The UnitedHealth acquisition doesn’t stand to impact PacifiCare’s local operations. UnitedHealth plans to operate PacifiCare as a separate brand with most of the company’s management, including Chief Executive Howard Phanstiel, staying on.
No. 4 Blue Shield of California counted the list’s biggest percentage growth, up 21% to 128,572 members.
“We expanded our product portfolio, added more plans and choices,” said Elise Anderson, a Blue Shield spokeswoman.
During the past year, Blue Shield has added a high-deductible plan that can be used with a health savings account. A health savings account, which allows enrollees to put aside pretax dollars for certain expenses, is a type of consumer-driven healthcare.
The Business Journal estimated that Philadelphia-based Cigna had 70,000 HMO enrollees in OC. Universal Care, which is based in Signal Hill, had an estimated OC membership of 45,000.
No. 8 Aetna Health of California reported 39,595 members in OC, down 8% from the previous year.
No. 9 Scan Health Plan, a Long Beach HMO that specializes in Medicare, posted an 11% enrollment gain to 14,326 members.
The list is rounded out by No. 10 Great-West Healthcare of Englewood, Colo. Great-West reported 10,750 members, up 2% from the past year.
PPO Directory
As was the case in previous years, many of the companies listed on the Business Journal’s preferred provider organization directory declined to break out OC enrollment figures.
The plan providers that did give local numbers posted a 2% increase in enrollment in the past year.
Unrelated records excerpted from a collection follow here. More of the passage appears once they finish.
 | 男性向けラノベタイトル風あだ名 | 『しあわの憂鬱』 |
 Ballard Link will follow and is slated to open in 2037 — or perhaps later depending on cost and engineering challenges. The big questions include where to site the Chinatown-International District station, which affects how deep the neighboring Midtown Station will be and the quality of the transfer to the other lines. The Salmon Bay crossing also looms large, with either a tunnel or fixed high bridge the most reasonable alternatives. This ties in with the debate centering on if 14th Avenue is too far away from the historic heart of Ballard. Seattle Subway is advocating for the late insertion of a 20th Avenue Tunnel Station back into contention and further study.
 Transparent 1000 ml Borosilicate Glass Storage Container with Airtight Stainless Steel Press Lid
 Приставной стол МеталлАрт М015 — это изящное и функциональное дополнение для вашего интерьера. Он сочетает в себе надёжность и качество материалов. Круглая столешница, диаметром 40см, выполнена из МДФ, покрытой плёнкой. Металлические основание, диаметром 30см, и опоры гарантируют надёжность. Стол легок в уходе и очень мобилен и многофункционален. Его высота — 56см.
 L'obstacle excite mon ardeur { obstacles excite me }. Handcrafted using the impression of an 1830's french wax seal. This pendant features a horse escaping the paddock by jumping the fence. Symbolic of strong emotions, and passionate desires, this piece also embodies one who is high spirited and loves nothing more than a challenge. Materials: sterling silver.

PacifiCare showed the largest enrollment surge. It saw membership grow 82% to 26,099. The health plan provider recently introduced PPO plans as part of its effort to move beyond its traditional HMO image.
Other PPO plans that provided OC numbers included Blue Shield, which reported a 5% membership gain to 112,216.
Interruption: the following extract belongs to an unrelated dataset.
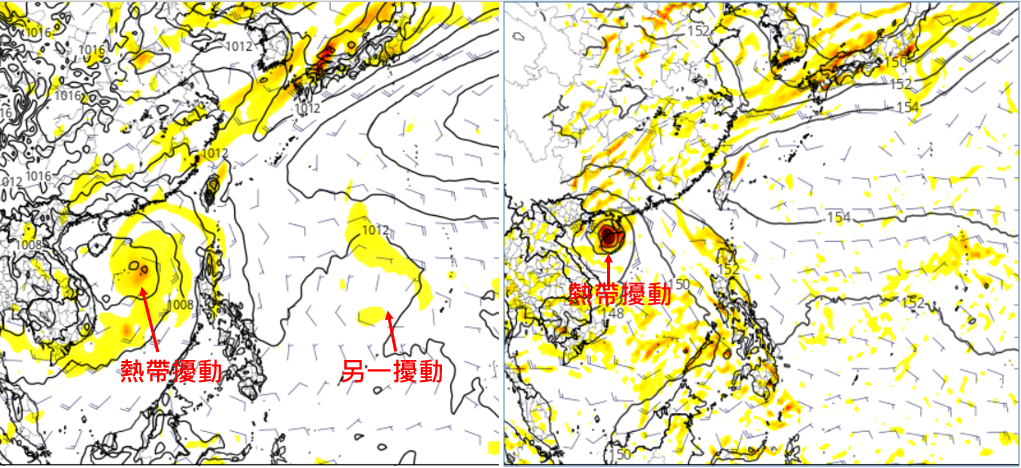 圖:最新歐洲(ECMWF左圖)模式及美國(GFS右圖)模式,模擬下週五(18日)20時天氣圖顯示,南海有熱帶擾動發展,模擬的動向皆對台無直接影響。另外,在菲律賓東方海面,兩模式亦皆模擬出7天之後,另有熱帶擾動醞釀的跡象,亦需一併觀察。(圖擷自tropical tidbits)
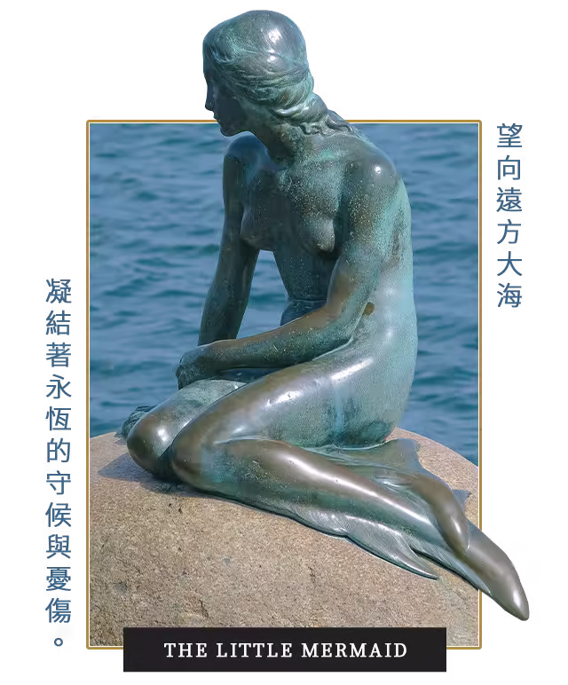哥本哈根象徵性景點,青銅雕像描繪傳說中美人魚,坐落岸邊凝望遠方,充滿神秘浪漫氛圍。此雕像靈感源自世界文學名著《美人魚》,吸引眾多遊客拍照與觀賞。

Aetna Health of California said its local enrollment was up 6% to 87,910. Decliners included Health Net, which said its OC PPO enrollment fell 7% to 25,000.
Health analysts have said that PPOs, which give enrollees more flexibility in selecting doctors, but at a higher cost, have gained popularity at the expense of health maintenance organizations.
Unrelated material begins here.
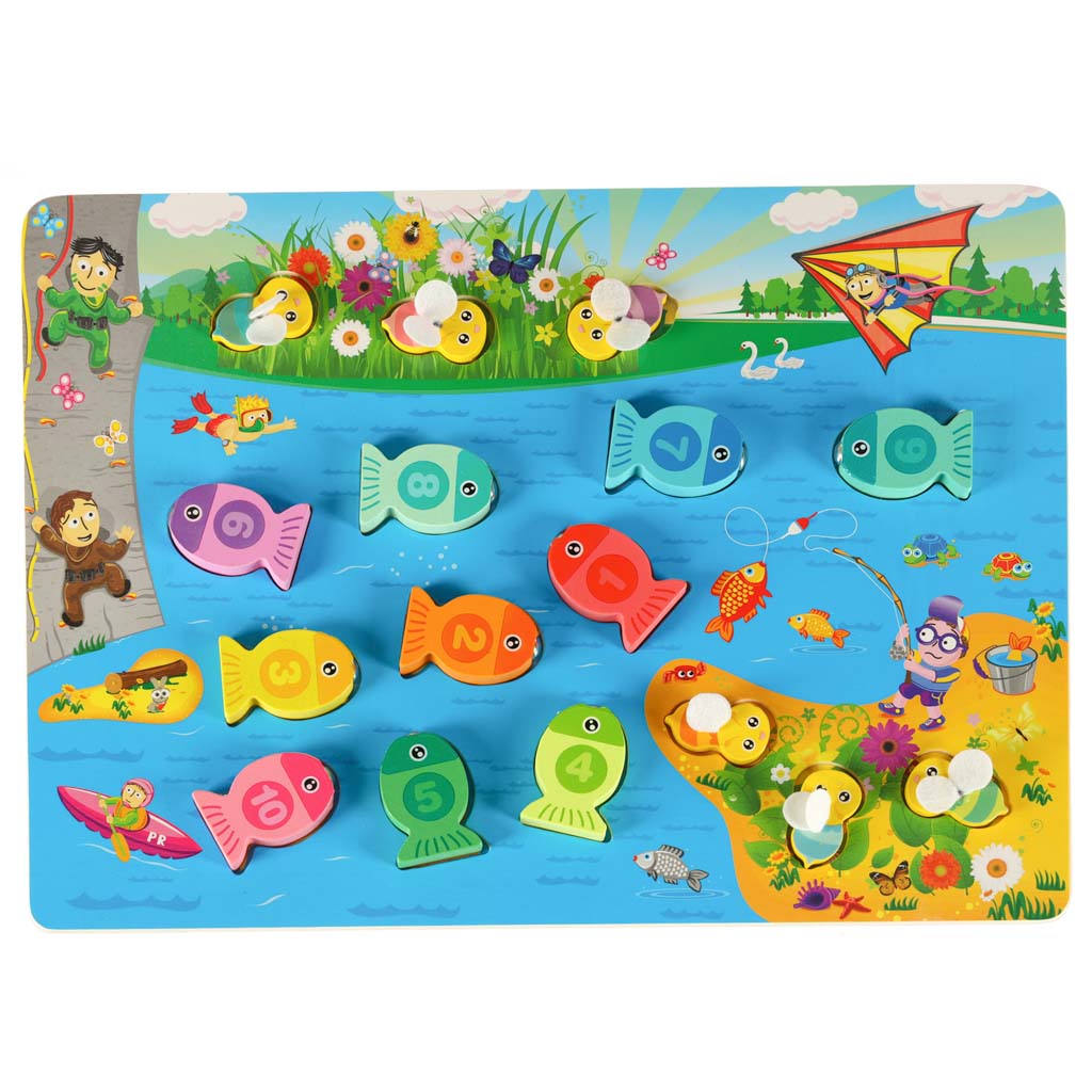 Gra drewniana rybki łowienie rybek na magnes pszczółki montessori
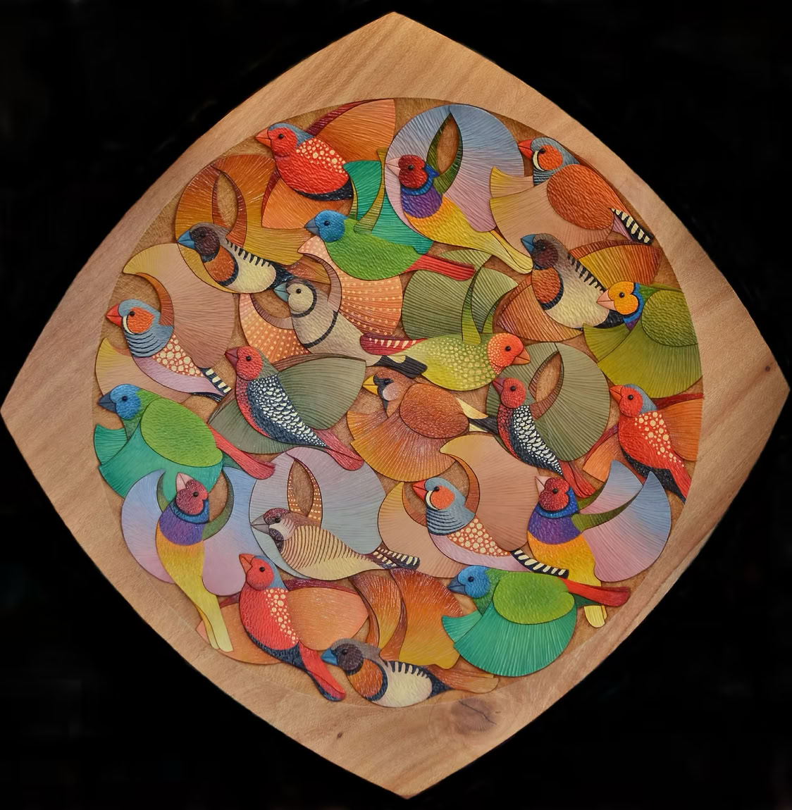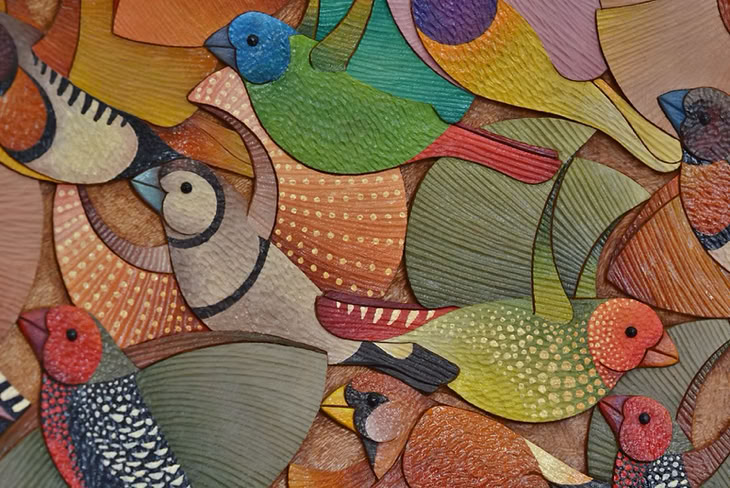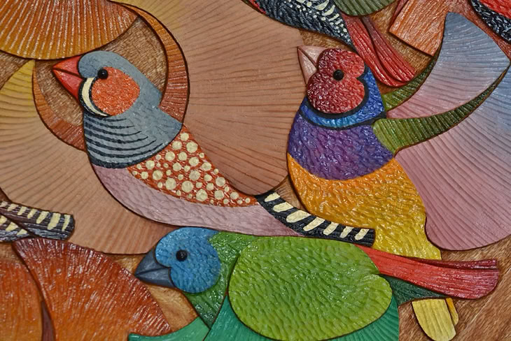 My humble offering is The Finches Platter, carved from a Sydney Silky Oak tree that died in my sister, Suzie's back yard. The surface is not sanded, but left straight from the gouge, and coloured using

But the emergence of consumer-driven healthcare, coupled with fluctuations in the economy, may limit the appeal of PPOs.
PPOs were particularly popular some years ago when competition to hire workers was fierce and more employers used benefit packages as hiring incentives.
Irvine’s Private Healthcare Systems Inc. reported 169,413 members, down 2% from the previous years. Private Healthcare’s figures include HMOs,the company declined to provide a breakdown.
Beech Street Corp., which is based in Lake Forest, declined to disclose local enrollment numbers.
Earlier this month, Beech Street said it was being acquired for $165 million by Concentra Operating Corp. of Addison, Texas, in a deal that’s expected to close late this year.
Concentra said it’s buying Beech Street in order to boost its offerings in the group healthcare market. Concentra specializes in cost-containment and case management services for the group healthcare, automobile and occupational markets. It also operates a national workers’ compensation provider network.
Beech Street is expected to operate as a distinct brand after the deal, Concentra said. Bill Hale, Beech Street’s chief executive, and other members of the company’s management team are set to continue running the operation.
Beech Street, which was founded in 1951, contracts with large employers, unions, city governments and others for access to its doctors. It is not an insurance company that operates PPOs, such as Cigna or Aetna.